### Exercise goal
Please retype the listing exactly as it appears, skipping each picture.

### Dataset section
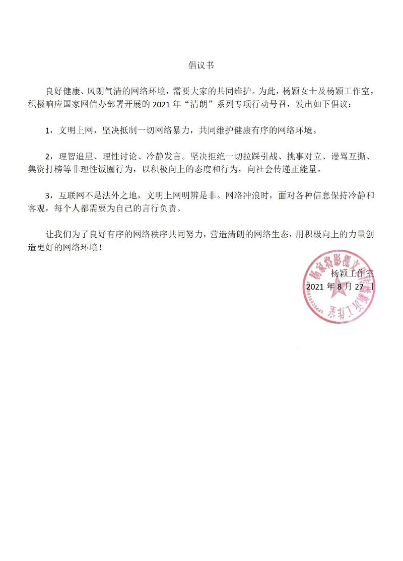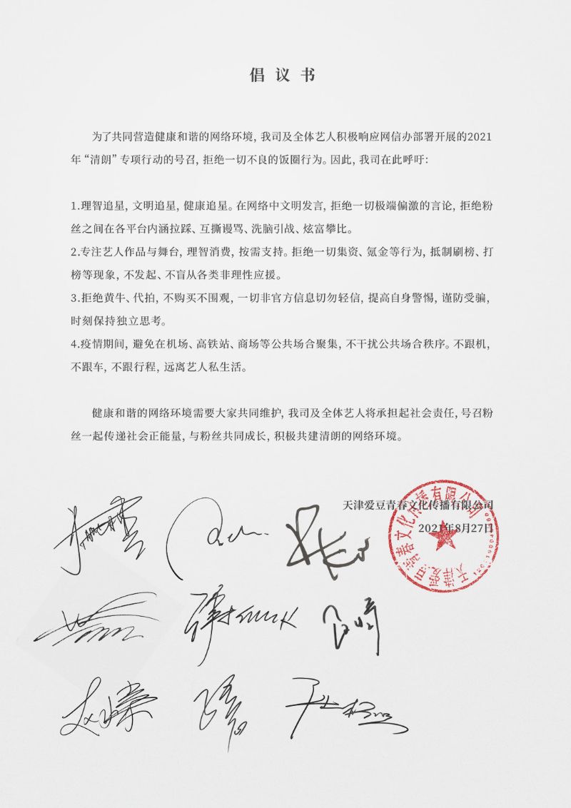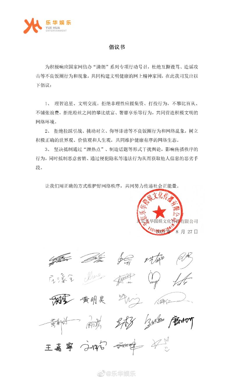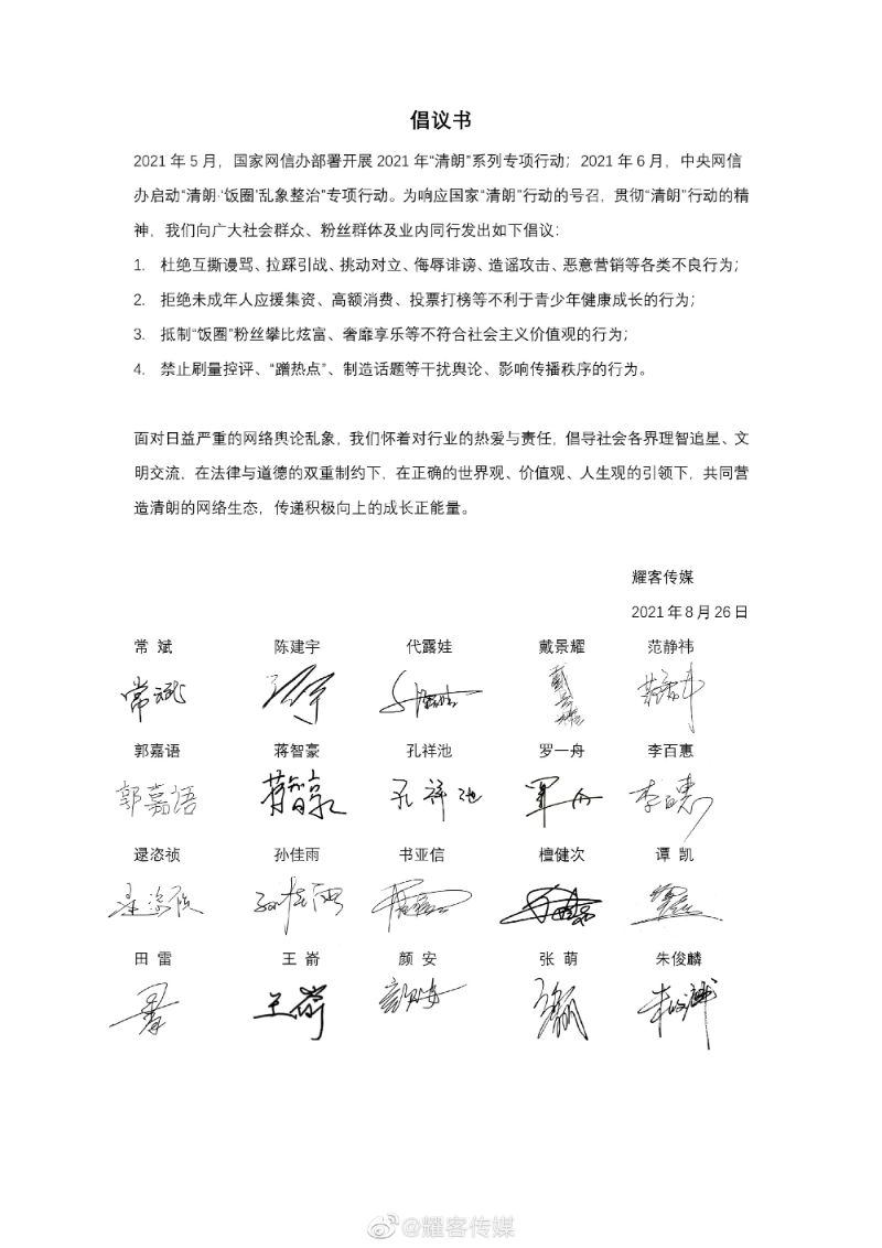 另外,多家明星工作室發布理智追星倡議書,包括了肖戰工作室 、楊紫工作室、嘉行迪麗熱巴工作室 、悅凱娛樂、嘉行傳媒、耀客傳媒、樂華娛樂等紛紛發布理智追星倡議書,號召粉絲理智追星、理智討論,堅決抵制網絡暴力,化追星之愛為正能量。
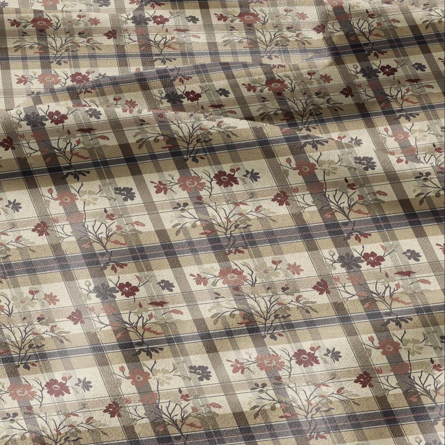 100% LINEN Fabric block print Gingham floral - brown floral linen heavy for upholstery home decor - medium for dress making 2911
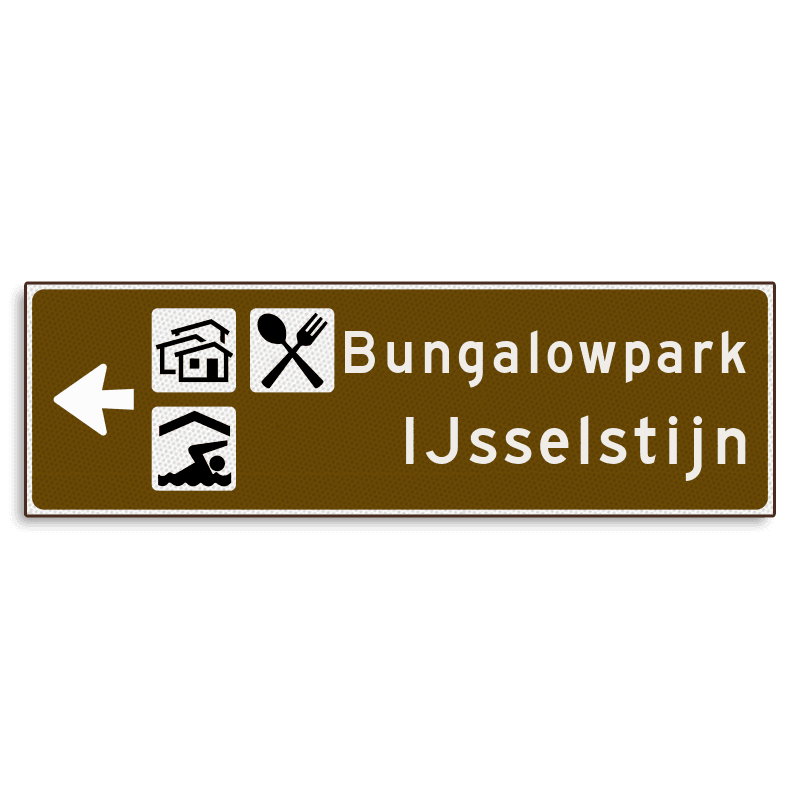 Verwijsbord KOKER Bruin/wit/zwart - pijl links, 2 regelig met 3 pictogrammen - Klasse 3 reflecterend

### Response below
 另外,多家明星工作室發布理智追星倡議書,包括了肖戰工作室 、楊紫工作室、嘉行迪麗熱巴工作室 、悅凱娛樂、嘉行傳媒、耀客傳媒、樂華娛樂等紛紛發布理智追星倡議書,號召粉絲理智追星、理智討論,堅決抵制網絡暴力,化追星之愛為正能量。
 100% LINEN Fabric block print Gingham floral - brown floral linen heavy for upholstery home decor - medium for dress making 2911
 Verwijsbord KOKER Bruin/wit/zwart - pijl links, 2 regelig met 3 pictogrammen - Klasse 3 reflecterend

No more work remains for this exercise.